1. Merge or combine data from multiple dataframes in Pandas
1. Concatonate a dataframe with another using Pandas

## Combine Dataset in Pandas 

- Create two dataframes that have common columns, say ${\bf x}_1$ is the column they have in common

In [2]:
import pandas as pd

adf = pd.DataFrame(data={'x1': ['A', 'B', 'C'], 'x2' : [1, 2, 3]})

In [2]:
adf

Unnamed: 0,x1,x2
0,A,1
1,B,2
2,C,3


In [4]:
bdf = pd.DataFrame(data={'x1': ['A', 'B', 'D'], 'x3' : ['T', 'F', 'T']})

In [4]:
bdf

Unnamed: 0,x1,x3
0,A,T
1,B,F
2,D,T


### Merge adf and bdf based on adf
Documenation for the [merge](https://pandas.pydata.org/pandas-docs/stable/reference/api/pandas.DataFrame.merge.html) method in Pandas

Merge DataFrame or named Series objects with a database-style join.
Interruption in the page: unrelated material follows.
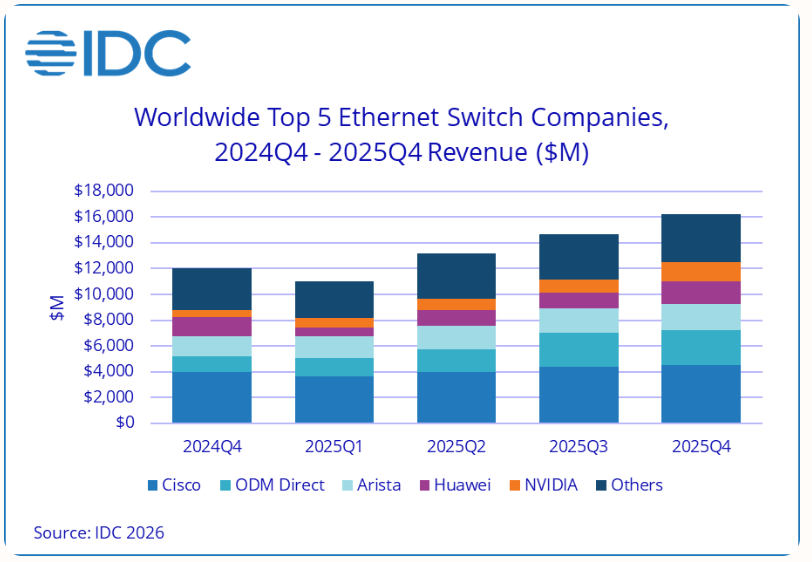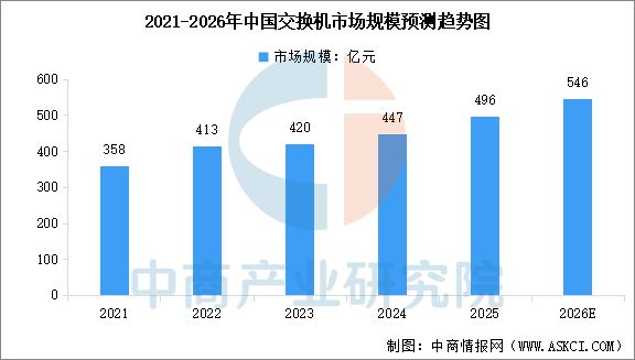 IDC数据显示,2025年全球以太网交换机市场收入飙升至551亿美元,同比增长31.5%,其中数据中心细分市场的增速达到了惊人的53.5%。在中国,“东数西算”工程与国产替代浪潮的双重叠加,让本土市场呈现出更强的韧性,中商产业研究院预测2026年中国交换机市场规模将达到约546亿元。其中,数据中心交换机是核心增长引擎。

The join is done on columns or indexes.

### how parameter 

left: use only keys from left frame, similar to a SQL left outer join; preserve key order.

right: use only keys from right frame, similar to a SQL right outer join; preserve key order.

outer: use union of keys from both frames, similar to a SQL full outer join; sort keys lexicographically.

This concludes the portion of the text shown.